Breast Density, Hormone Levels, and Anticancer Drug Levels in Women With Invasive Breast Cancer Who Are Receiving Exemestane or Anastrozole

Basic Trial Information
Trial Description
     Summary
     Further Trial Information
     Eligibility Criteria
Trial Contact Information

Basic Trial Information

PhaseTypeStatusAgeSponsorProtocol IDs
No phase specifiedDiagnosticClosedPostmenopausalNCI, OtherCDR0000462330
NCCTG-N0434, CAN-NCIC-MA27D, N0434 (MA.27D), MA27D, NCT00316836

Trial Description

Summary

RATIONALE: Understanding the relationship between breast density, levels of hormones in the blood, and levels of anticancer drugs in the blood may help improve the ability to plan effective treatment for women with invasive breast cancer.
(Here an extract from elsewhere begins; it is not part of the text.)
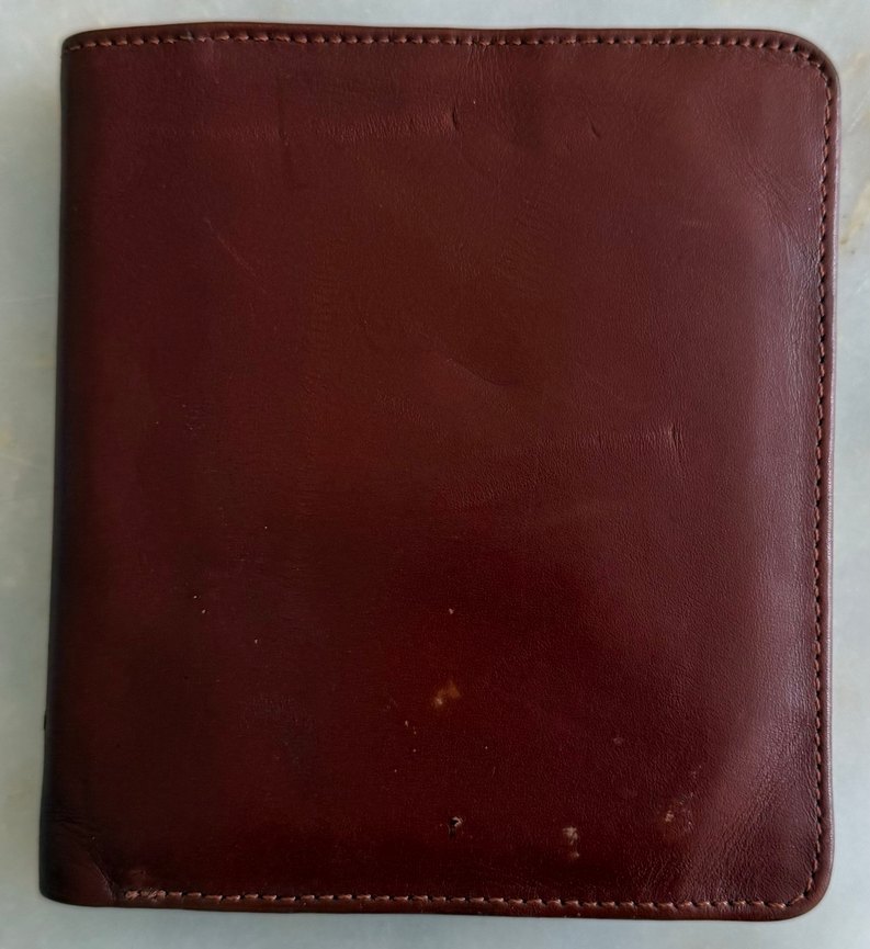 Parlak bordo renkte, desen içermeyen sade ve minimalist erkek cüzdanı. Üzerinde hafif aşınma izleri bulunur.

PURPOSE: This clinical trial is studying the relationship between breast density and blood levels of hormones and anticancer drugs in women with invasive breast cancer who are receiving exemestane or anastrozole.

Further Study Information

OBJECTIVES:

Primary

  • Assess the change in percent breast density and dense area in response to aromatase inhibitor therapy from pretreatment to 1 year, 1 year to 2 years, and pretreatment to 2 years in women with invasive breast cancer.
  • Determine the changes in percent breast density and dense area in response to aromatase inhibitor therapy from pretreatment to 1 year and correlate the changes with changes in plasma hormones (e.g., estrone, estrone-sulfate, estradiol, and sex hormone binding globulin) and drug levels (anastrozole or exemestane) over the same period in women with invasive breast cancer.
  • Determine the change over time in percent breast density and dense area (from pretreatment to the time period prior to local recurrence) in the contralateral breast in correlation to local recurrence of breast cancer.

Secondary

  • Determine the change over time in percent breast density and dense area in the contralateral breast in correlation to the development of contralateral breast cancer.
  • Determine whether women with high pretreatment percent density (upper tertile) experience greater decreases in percent breast density at 1 and 2 years of aromatase inhibitor therapy than women with low pretreatment percent density (lower tertile).
  • Determine whether women with high pretreatment dense area (upper tertile) experience greater decreases in dense area at 1 and 2 years of aromatase inhibitor therapy than women with low pretreatment dense area (lower tertile).
  • Correlate haplotype tagged single nucleotide polymorphisms in genes in the aromatase pathway (identified thorough the Mayo Clinic and Indiana University Pharmacogenomics Research Network Projects) with changes in percent and area breast density, plasma hormone levels, and 1-year drug levels.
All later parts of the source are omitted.